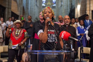 Vuyiseka Dubula of Sonke Gender Justice addresses the audience during the Ahmed Kathrada memorial at St. Georges Cathedral in Cape Town.
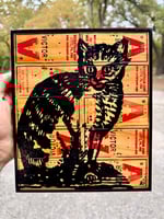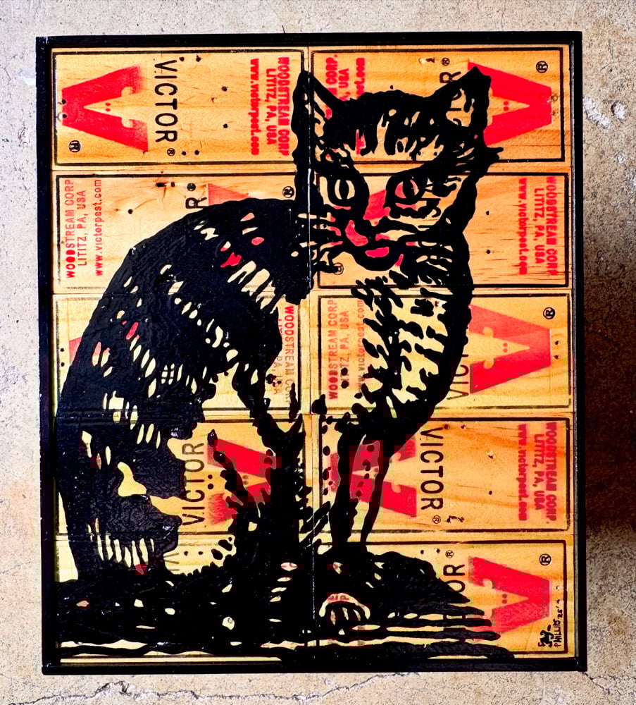 “Victor the Barn Cat” - woodcut image from the 1800’s on Victor mousetrap bases (unused). 8.25”w x 9.25”t. Framed by me. Ready to hang.
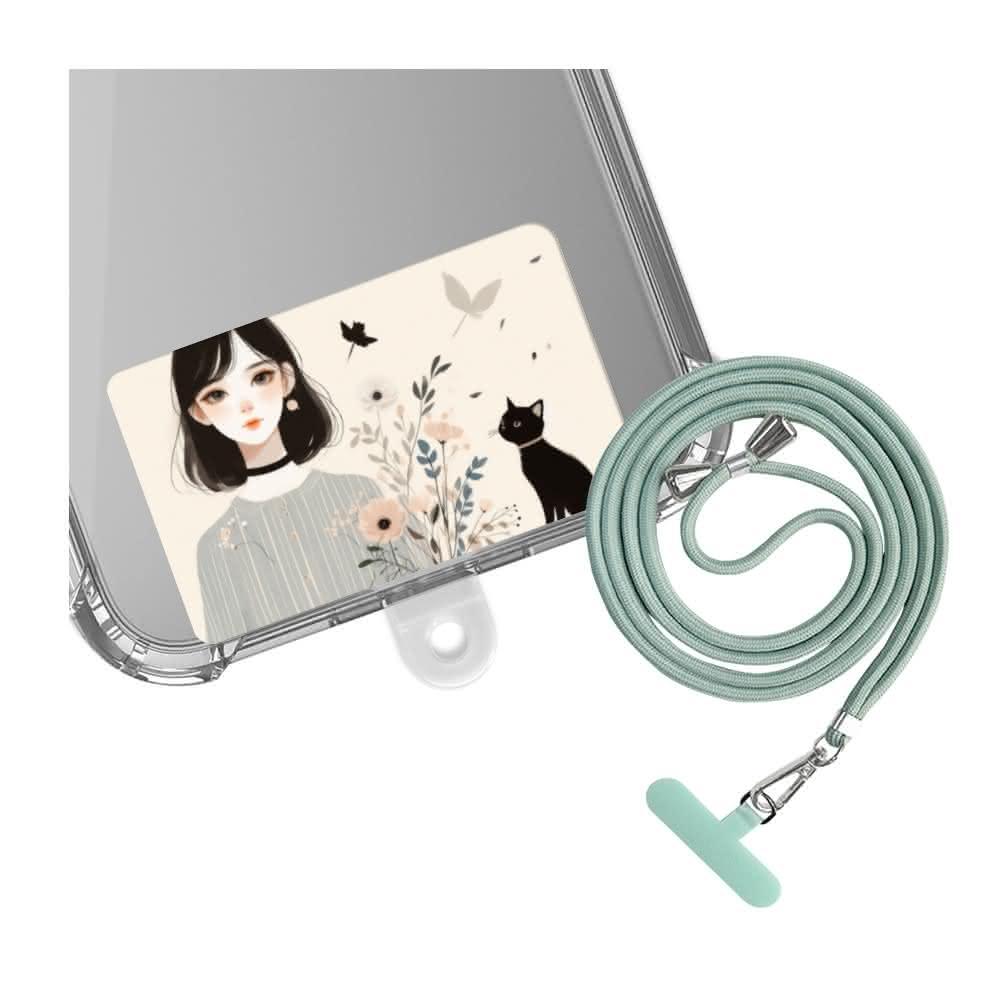 TRONTRON iPhone 16 黑髮女孩與黑貓 四角防摔 軟殼 手機 掛繩 手機殼
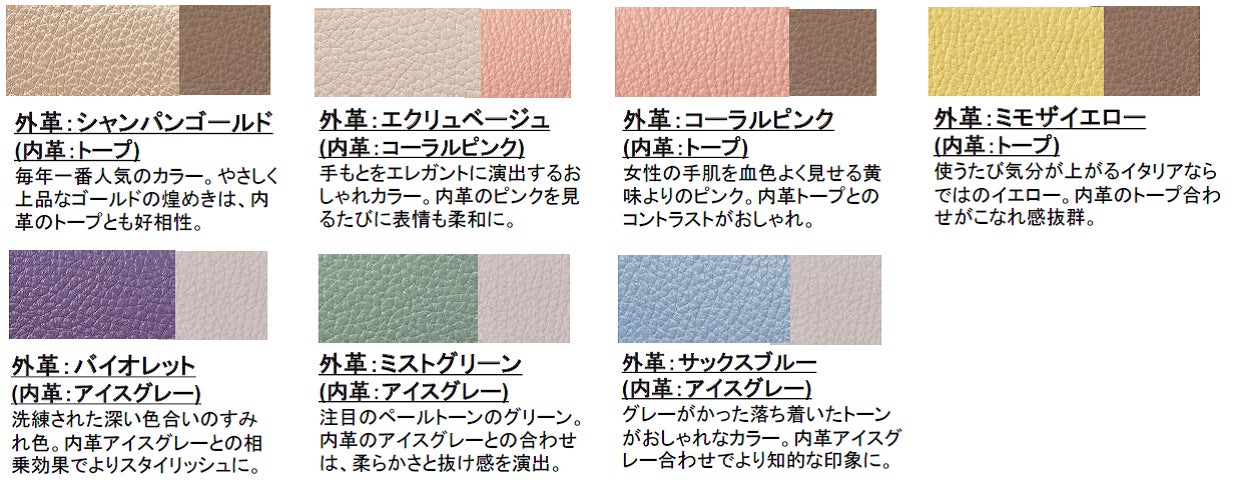 世界的なファッショントレンドを生み出すイタリアの目にするだけで心が躍る最新カラーラインナップから、やわらかな色合いで女性の手肌まで美しく彩る7色を厳選。外革と内革が異なるおしゃれなバイカラーのデザインで、手にするたびに気分が華やぎます。
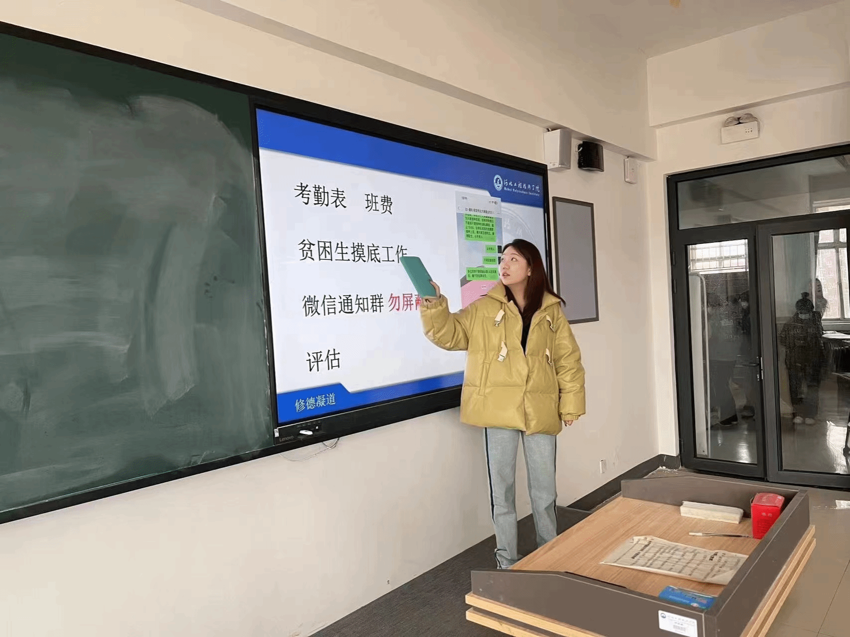 开学第一天,辅导员们就开了新学期的第一场班会。导员们在班会上嘱咐同学们要及时提交作业,做好防护,做自己健康的第一责任人。导员们的一一叮咛,让离家求学的我们也能感受到“家”的温暖,体现着对同学们的思念和爱护。
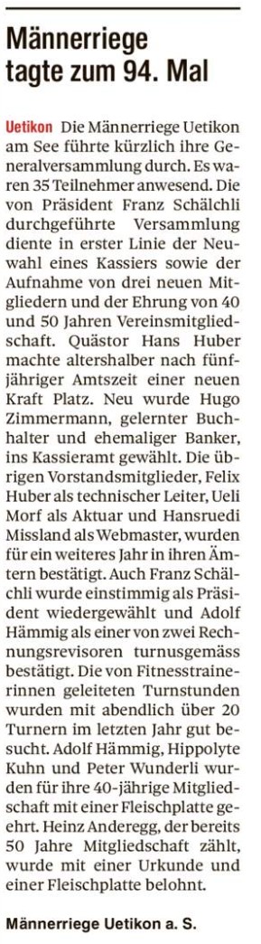 Unsere 94. Generalversammlung fand auch diese Jahr wieder im Restaurant Sonnenhof in Uetikon statt.
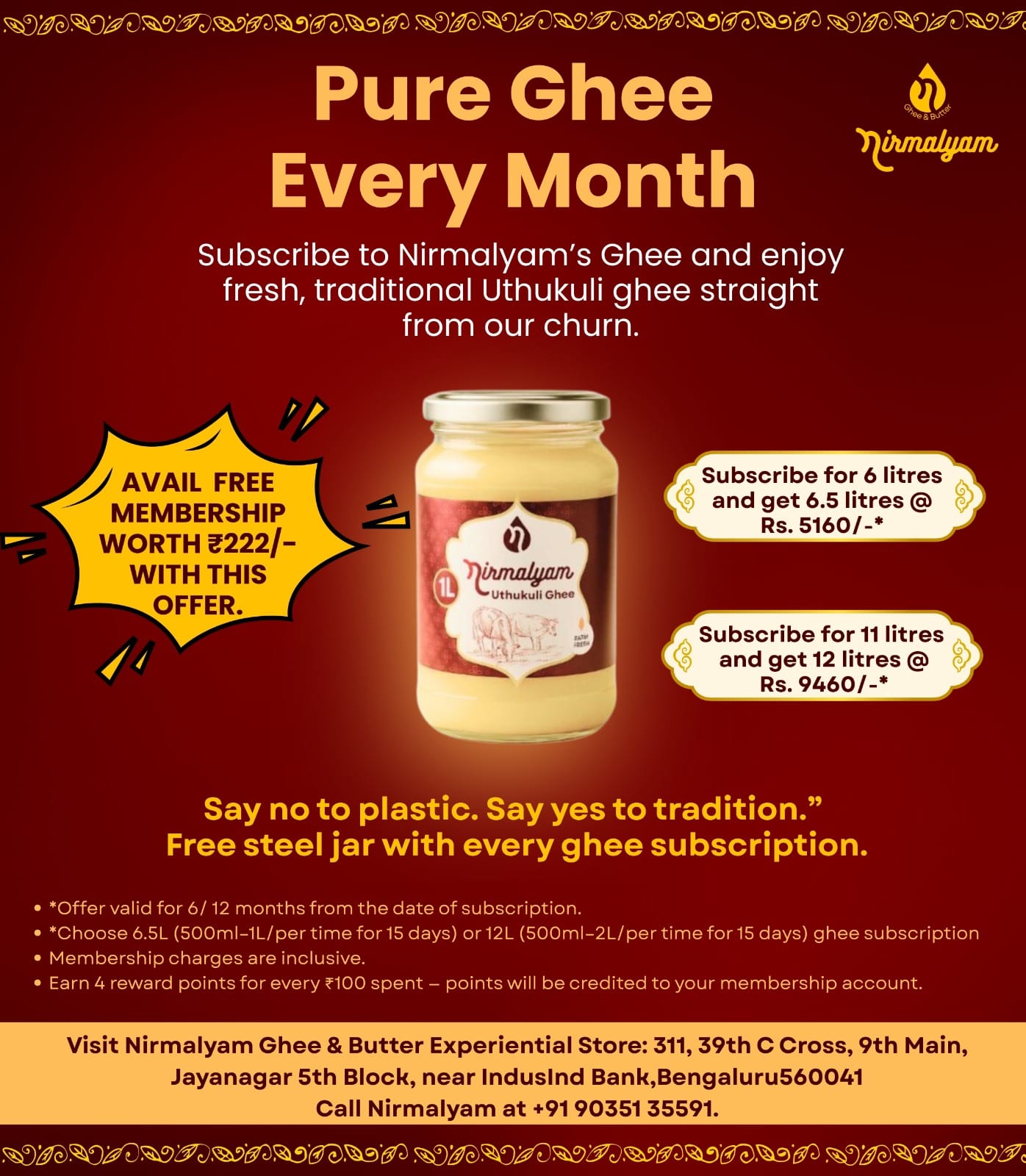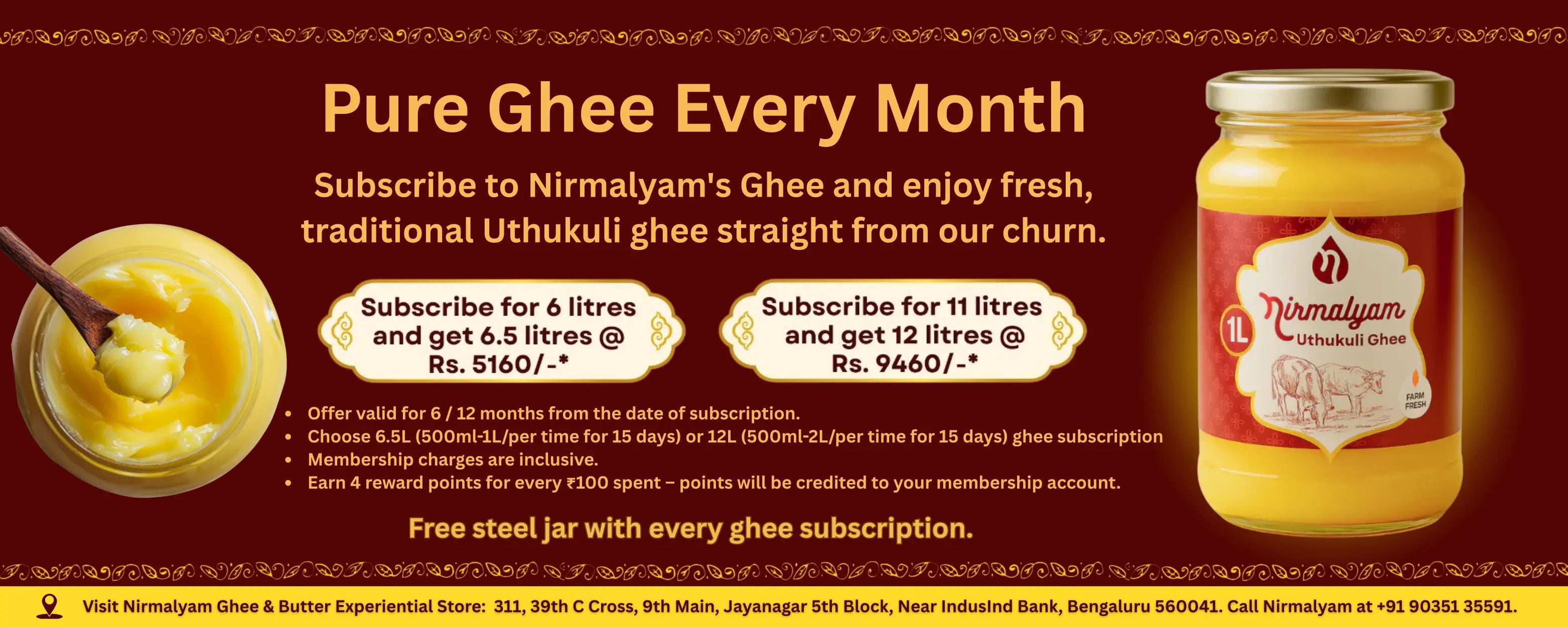Discover Nirmalyam Foods’ wide range of native delights — from Ghee, Chekku Oils, and Pickles to Sweets
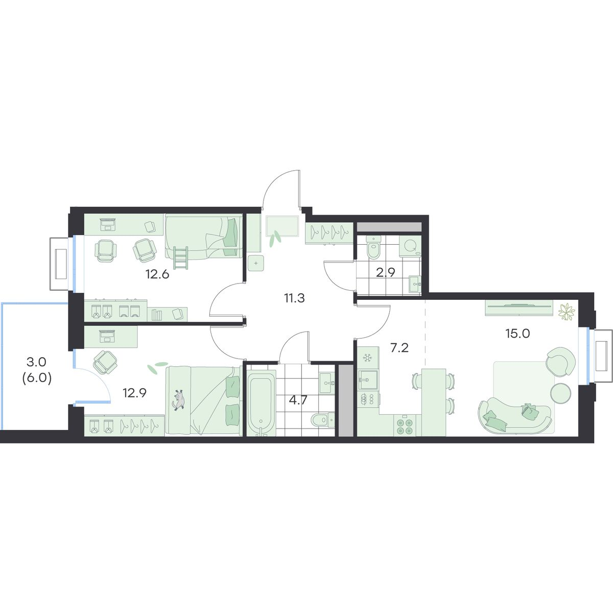 3-комнатная 68 м2

EXERCISE BRIEF.
Only one stretch of the listing above is to be duplicated: the lines from the one containing "Ready to hang." through the one containing "TRONTRON iPhone 16 黑髮女孩與黑貓 四角防摔 軟殼 手機 掛繩 手機殼", both included. Copy them exactly, minus the pictures.

ANSWER TO THE PROBLEM.
 “Victor the Barn Cat” - woodcut image from the 1800’s on Victor mousetrap bases (unused). 8.25”w x 9.25”t. Framed by me. Ready to hang.
 TRONTRON iPhone 16 黑髮女孩與黑貓 四角防摔 軟殼 手機 掛繩 手機殼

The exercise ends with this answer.